DATA PROVIDED

=== Section Start ===

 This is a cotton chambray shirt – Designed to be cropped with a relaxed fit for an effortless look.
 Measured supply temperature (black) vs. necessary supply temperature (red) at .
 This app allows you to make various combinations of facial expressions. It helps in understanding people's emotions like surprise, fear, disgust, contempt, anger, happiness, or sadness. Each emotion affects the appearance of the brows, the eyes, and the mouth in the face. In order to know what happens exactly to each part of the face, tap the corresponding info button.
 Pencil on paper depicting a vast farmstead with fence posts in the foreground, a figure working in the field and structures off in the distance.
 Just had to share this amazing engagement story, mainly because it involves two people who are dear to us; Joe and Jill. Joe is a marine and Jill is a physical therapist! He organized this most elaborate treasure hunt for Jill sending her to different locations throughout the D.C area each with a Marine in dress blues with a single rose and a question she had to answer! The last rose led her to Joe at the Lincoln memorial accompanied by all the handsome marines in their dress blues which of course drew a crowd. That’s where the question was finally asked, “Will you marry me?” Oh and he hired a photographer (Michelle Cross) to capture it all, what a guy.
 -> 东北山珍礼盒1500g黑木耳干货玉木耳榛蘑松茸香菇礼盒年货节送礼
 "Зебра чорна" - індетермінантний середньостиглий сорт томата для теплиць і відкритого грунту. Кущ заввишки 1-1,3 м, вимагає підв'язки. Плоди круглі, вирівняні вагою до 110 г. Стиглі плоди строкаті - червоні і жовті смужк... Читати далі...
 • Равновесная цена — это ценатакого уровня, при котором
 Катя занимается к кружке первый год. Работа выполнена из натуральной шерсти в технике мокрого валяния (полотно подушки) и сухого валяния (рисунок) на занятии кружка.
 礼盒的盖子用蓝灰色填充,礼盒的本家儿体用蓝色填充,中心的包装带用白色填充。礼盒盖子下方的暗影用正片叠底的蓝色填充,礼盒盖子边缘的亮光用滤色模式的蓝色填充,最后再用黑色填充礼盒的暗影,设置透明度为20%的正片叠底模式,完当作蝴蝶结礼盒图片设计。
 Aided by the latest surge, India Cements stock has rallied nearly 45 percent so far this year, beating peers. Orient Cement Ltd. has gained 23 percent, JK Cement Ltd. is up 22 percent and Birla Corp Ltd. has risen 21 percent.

=== Section End ===

Set down exactly, and only, the lines of the data above from the line containing "-> 东北山珍礼盒1500g黑木耳干货玉木耳榛蘑松茸香菇礼盒年货节送礼" through the last one.

ANSWER FOR THIS EXERCISE
 -> 东北山珍礼盒1500g黑木耳干货玉木耳榛蘑松茸香菇礼盒年货节送礼
 "Зебра чорна" - індетермінантний середньостиглий сорт томата для теплиць і відкритого грунту. Кущ заввишки 1-1,3 м, вимагає підв'язки. Плоди круглі, вирівняні вагою до 110 г. Стиглі плоди строкаті - червоні і жовті смужк... Читати далі...
 • Равновесная цена — это ценатакого уровня, при котором
 Катя занимается к кружке первый год. Работа выполнена из натуральной шерсти в технике мокрого валяния (полотно подушки) и сухого валяния (рисунок) на занятии кружка.
 礼盒的盖子用蓝灰色填充,礼盒的本家儿体用蓝色填充,中心的包装带用白色填充。礼盒盖子下方的暗影用正片叠底的蓝色填充,礼盒盖子边缘的亮光用滤色模式的蓝色填充,最后再用黑色填充礼盒的暗影,设置透明度为20%的正片叠底模式,完当作蝴蝶结礼盒图片设计。
 Aided by the latest surge, India Cements stock has rallied nearly 45 percent so far this year, beating peers. Orient Cement Ltd. has gained 23 percent, JK Cement Ltd. is up 22 percent and Birla Corp Ltd. has risen 21 percent.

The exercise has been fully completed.